▶ [What you need to do]
Skipping any pictures, repeat exactly and only the lines from the one that holds "2511-2025 Nuevo Estilo" to the last line of the material, both included.

═══ Data below

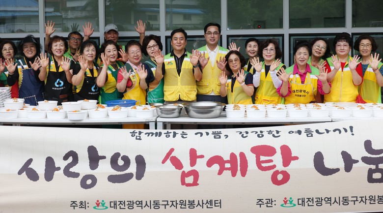 [동구 세계타임즈=이채봉 기자] 대전 동구(구청장 박희조)는 16일 동구 자원봉사협의회(회장 우선제) 주관으로 대청동 다목적회관에서 여름맞이 ‘사랑의 삼계탕’ 나눔 봉사를 실시했다고 밝혔다.
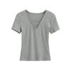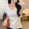 2511-2025 Nuevo Estilo Deseo Puro Casual Top de Cuello en V para Mujer, Europeo y Americano Sexy Adelgazante Encaje Camiseta Base
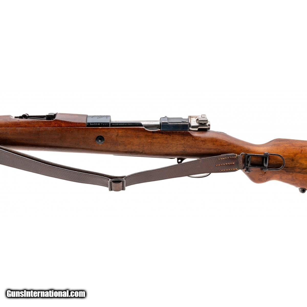SN: 7994. Made circa late 1930's. 7mm Mauser with a 22.25"". Bore is shiny with strong rifling. Mauser made Chilean military rifle. Blue finish is in very good condition with areas starting to thin around the barrel. Mauser banner is present on the rear receiver bridge. Stock is in very good condition, stock has handsome cartouche of the Chilean coat of arms on the left side of the butt stock. Action functions properly. Comes with sling, overall very good condition. Consignment

══════

▶ [Task output]
 2511-2025 Nuevo Estilo Deseo Puro Casual Top de Cuello en V para Mujer, Europeo y Americano Sexy Adelgazante Encaje Camiseta Base
SN: 7994. Made circa late 1930's. 7mm Mauser with a 22.25"". Bore is shiny with strong rifling. Mauser made Chilean military rifle. Blue finish is in very good condition with areas starting to thin around the barrel. Mauser banner is present on the rear receiver bridge. Stock is in very good condition, stock has handsome cartouche of the Chilean coat of arms on the left side of the butt stock. Action functions properly. Comes with sling, overall very good condition. Consignment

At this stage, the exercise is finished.